By the way, I think that it is when the number of data that can be used for learning is small that you want to inflate data using fake data in practical situations. Assuming such a situation, let's do the same calculation using the small training data df1_train prepared first. The number of lines in df1_train is 2604, which is 1/10 of df0_train.

The code is the same as before, so I will omit it, but I trained CTGAN, generated 1 million lines of data df1_syn, and trained XGBoost.

First, the result of learning using only 2604 original baseline data is as follows.

ac1 = learn_predict(X1_train, y1_train, X_test, y_test)
# AUC: 0.867
# Accuracy:  0.821
# Precision:  0.659
# Recall  0.534
# f1:  0.590
# [[4512  433]
#  [ 730  838]]

After all, the accuracy is lowered as a whole because the number of data is reduced.

Next, the result of learning using the generated data is shown in the same graph as before.

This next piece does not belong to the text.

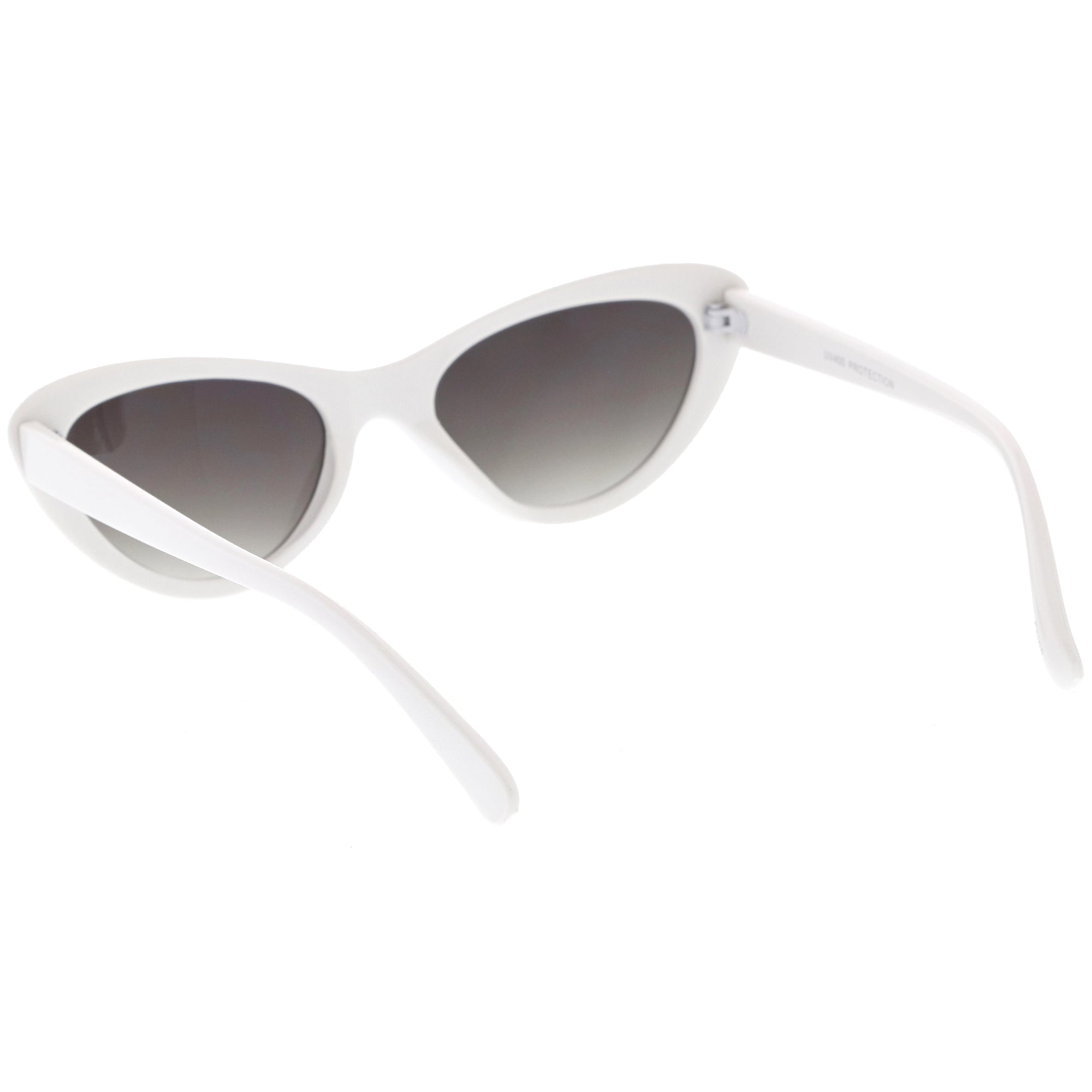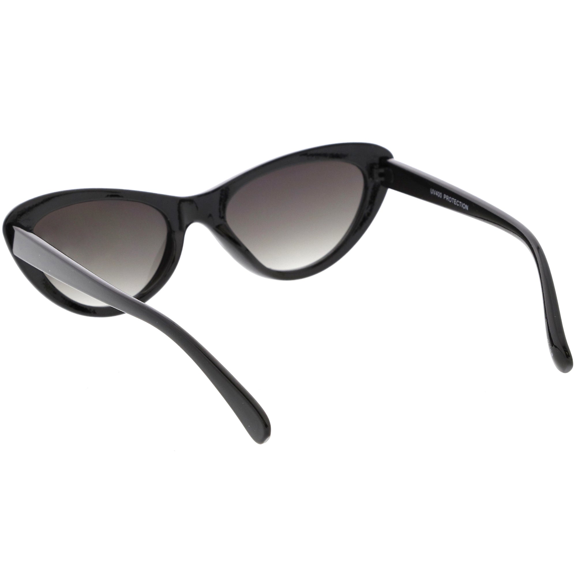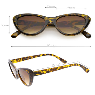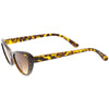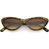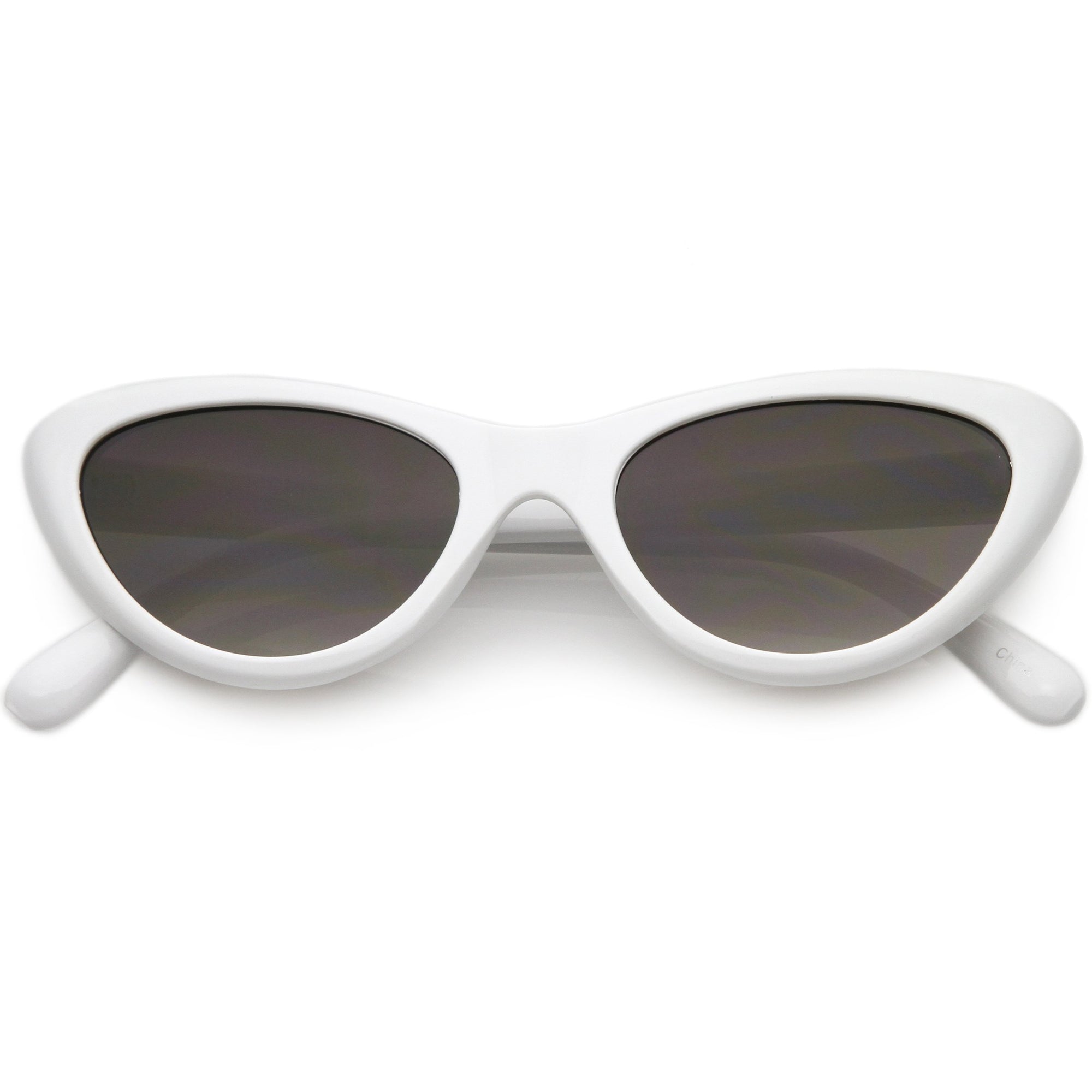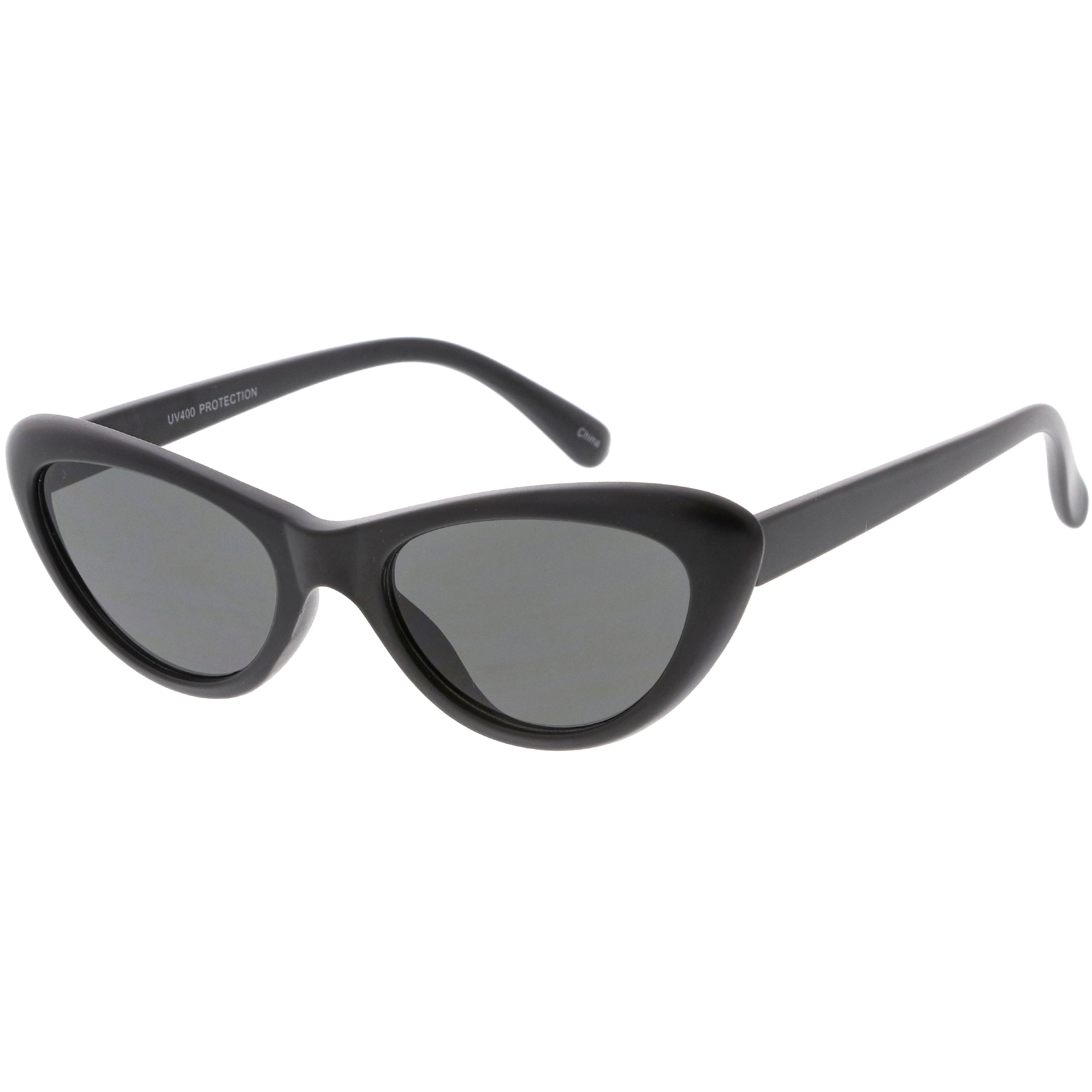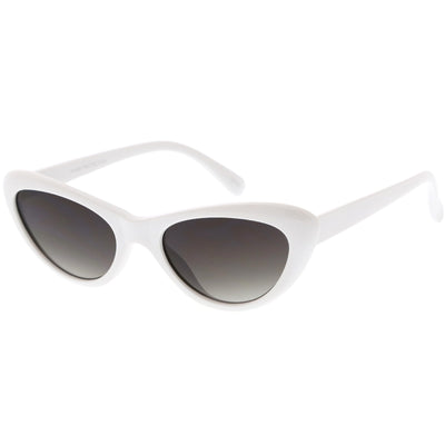 The perfect combination of retro and stylish, these small cat eye sunglasses are crafted with a rounded edge frame with high sitting arms. Neutral colored lenses finish off these cat eye sunglasses making them great for accessorizing a vintage inspired outfit. Made with a plastic based frame, reinforced metal hinges, and 100% UV protected lenses.

The overall behavioral trends are the same as with large datasets. The reason why the AUC and Accuracy when using only the generated data (blue circle) is lower when the number of samples is 3000 than when it is 1000 is probably because the quality of the generated data varies widely due to the small amount of original data. I guess. In any case, the accuracy was not significantly improved compared to the case of using only the original data, even if the generated data was added and learned in the same way as before.

in conclusion

I was hoping that GAN could be used to inflate the data to improve the accuracy of the model, but this experiment did not work. However, the result of using only the generated data is not so inferior to the case of using only the original data, so if the original data cannot be handled freely due to privacy or information security issues, fake data is generated instead. There may be ways to use it, such as using it for.